Semiconductor Fuzzy Multiple Objectives Programming To DEAM - Online Article
Introduction
With the increasing use of total quality management (TQM) and just-in-time (JIT) concepts within a wide range of firms, the question of supplier selection has become extremely important (Verma and Pullman 1998). Bankar and Khoska (1995) classified the supplier selection process as an important operational management (OM) decision . They suggested that OM research should attempt to identify the supply chain management practices that provide the most competitive advantage. There are also many articles that highlight tradeoffs among the items of quality, cost, and delivery performance in the supplier selection process (Ben-Akiva and Lerman 1991; Louviere 1988). For example, these conceptual articles emphasized that managers should not select suppliers only by low cost, but should consider quality, delivery performance, as well as other attributes (Verma and Pullman 1998). However, the empirical results show the relative importance of different supplier attributes in actual choices of suppliers is not the same as the perceived importance of the attributes. For example, it appears that management perceives quality to be the most important attribute, however, they assign greater weight to delivery performance and/or cost when choosing a supplier. This paradox often occurs in companies, thus, how to quantify the tradeoff issues to reveal upper management considerations in supplier selection is an important research topic.
In a semiconductor factory, hundreds of types of raw materials are used for manufacturing, according to the evaluation of suppliers. A supplier’s performance would strongly impact manufacturing costs, yields, and industrial fluency (Park, et al. 2001; Verma and Pullman 1998), therefore, a method to select the proper suppliers is a critical issue. The Sony Fukushima Corporation reported that it has basic purchasing guidelines using quality, cost, delivery, service, and environmental (QCDSE) factors (Sony Fukushima Corporation 2003). In practice, the same evaluating items are also used in a semiconductor manufacturing company. Our real example is from a semiconductor manufacturing company in China, called company X for anonymity purposes. In company X, each quarter normally places responsibility on the members of the Incoming Quality Control (IQC) Department to evaluate and rank a supplier’s performance for the Procurement Department’s reference regarding order allocation. The members of IQC assign weights in QCDSE, respectively, and then they tally the scores, thus ranking the suppliers. The better the ranking of a supplier, the more purchases are allocated to this supplier in the next order. The inherit weakness of this ranking procedure is its subjective nature, because weights can be assigned according to individual preferences or prejudices, some supplier could obtain a higher ranking resulting in benefiting less-deserving suppliers, and thereby weaken the trustworthiness of supplier management. To allow a supply chain to work smoothly, cooperation between suppliers and the semiconductor company is required. Running an open, upright honest system with no bribes is highly required in company X. Thus, the development of an objective method for reviewing QCDSE factors is grounded in empirical work. Therefore, the input/output concept of DEA is used to reflect these trade-offs and solve the supplier selection issue.

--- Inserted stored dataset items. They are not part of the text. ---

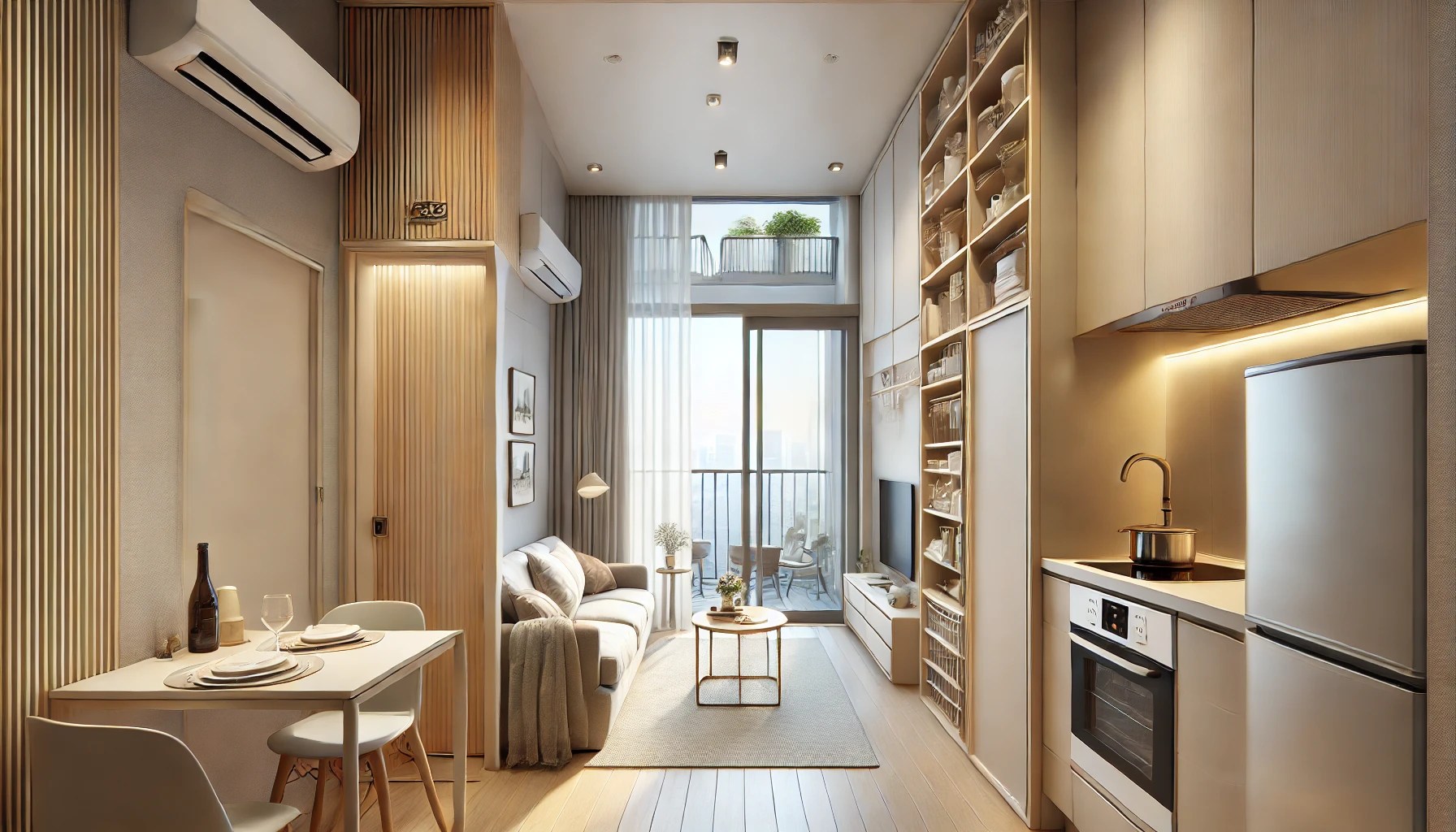 Imagem meramente ilustrativa, gerada por AI -DALL-E tendo como referencia um apartamento studio de 22m² e pé direito de 3,20m.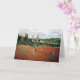 Monet Field of Red Poppies greeting card. Oil on canvas from 1879. Monet painted several different poppy fields during his career. This particular painting features several young women in sundresses and sunhats collecting the red flowers before a river on a slightly cloudy summer day. A pretty gift for fans of Monet, Impressionism, Red Poppies, and flower art.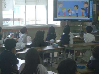 今日は、イングリッシュデイ。全学年が、わずかな間イングリッシュタイム。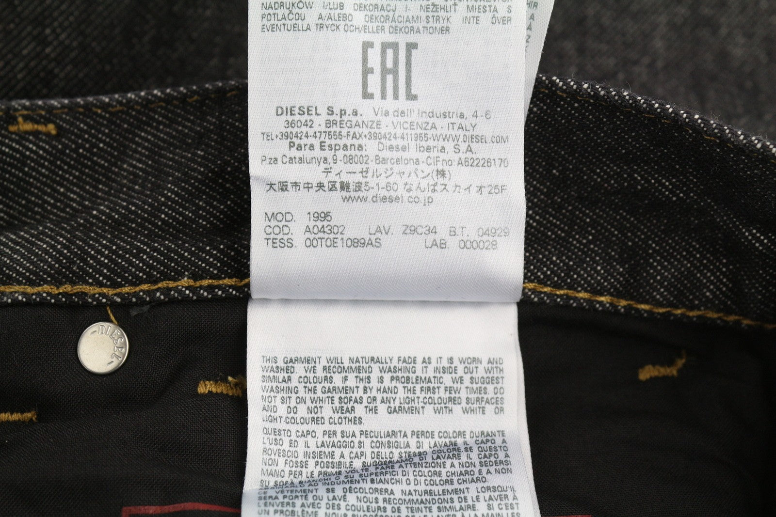 DIESEL 1995 Z9C34 Men Jeans W34/L30 Slim Straight Leg Button Dark RRP€185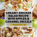 - Serve and Garnish: Before serving, drizzle the salad with caramel sauce if desired and top with the reserved apple and Snickers pieces for a decorative touch. Enjoy immediately.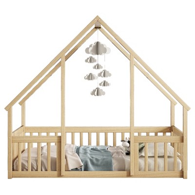 Bellemave Full Size Montessori Floor Bed, Wood House Bed Frame, House Bed for Kids, Montessori Bed with Fence, Playhouse for Kids,Natural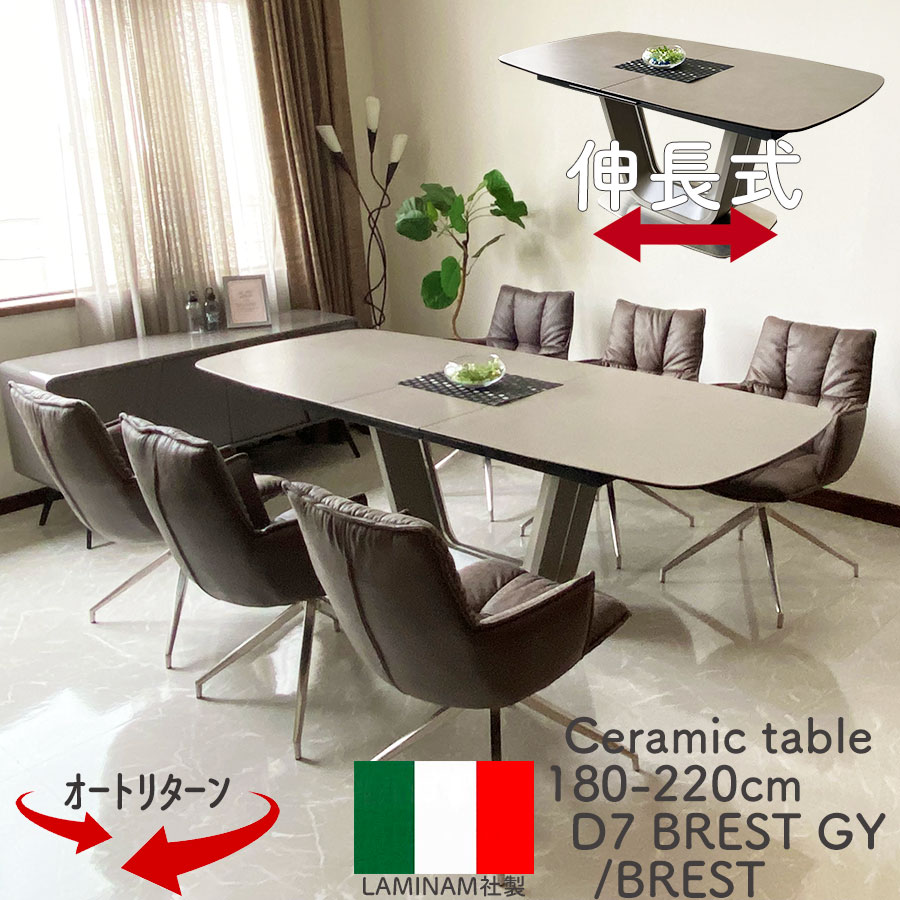 ⭐️お薦め情報⭐️【24時間限定10%off】【開梱設置無料】 ダイニングセット 7点 伸縮 180-220cm 6人用 伸長式 セラミックテーブル イタリアンセラミックトップ 180度回転チェア ブレストGY/ブレスト【RCP】

Charnes et al. (1978) developed data envelopment analysis (DEA) to evaluate the relative efficiencies of each decision making unit (DMU), containing multiple input/output variables (Ben-Akiva and Lerman 1991). DEA is an assessment approach in management science, which has been extensively adopted to assess the efficiency of multiple-input and multiple-output systems. There are many successful cases of application in non-profit businesses, such as schools, libraries, and public hospitals, in addition to for profit businesses, such as banks and hotels, as presented in (Liu, et al. 2003; Schaffnit, et al. 1997; Brockett, et al. 1997). However, it has not been widely used for semiconductor manufacturing applications, such as a buyer’s supplier ratings in IQC.
However, two reasons make the conventional DEA unable to directly rank the DMU. One is unrealistic weight; and the other is the insufficient DMU numbers (Chiang and Tzeng 2000; Chiang and Tzeng 2003 ). The concept of a common set of weights, as is shown in (Roll, et al. 1991; Roll and Golany 1993), is offered as an alternative for dealing with the issue of unrealistic weight. Consequently, the FMOP approach was proposed to improve the discrimination power of the classic DEA method (Chiang and Tzeng 2000; Chiang and Tzeng 2003). Common weights for all DMU could be simultaneously derived with an acceptably large number of efficient DMU. There are two advantages to using this method: (1) improving the discriminating power of DEA omitting relative viewpoint evaluation of DMU weights, therefore, all generated efficiencies of all DMU with a common base can be directly ranked; (2) solution to the multiple objective programming problems, without the restriction of limiting the number of DMU. Because supplier ranking is related to purchase allocation, this method is adopted to simultaneously evaluate and rank the suppliers.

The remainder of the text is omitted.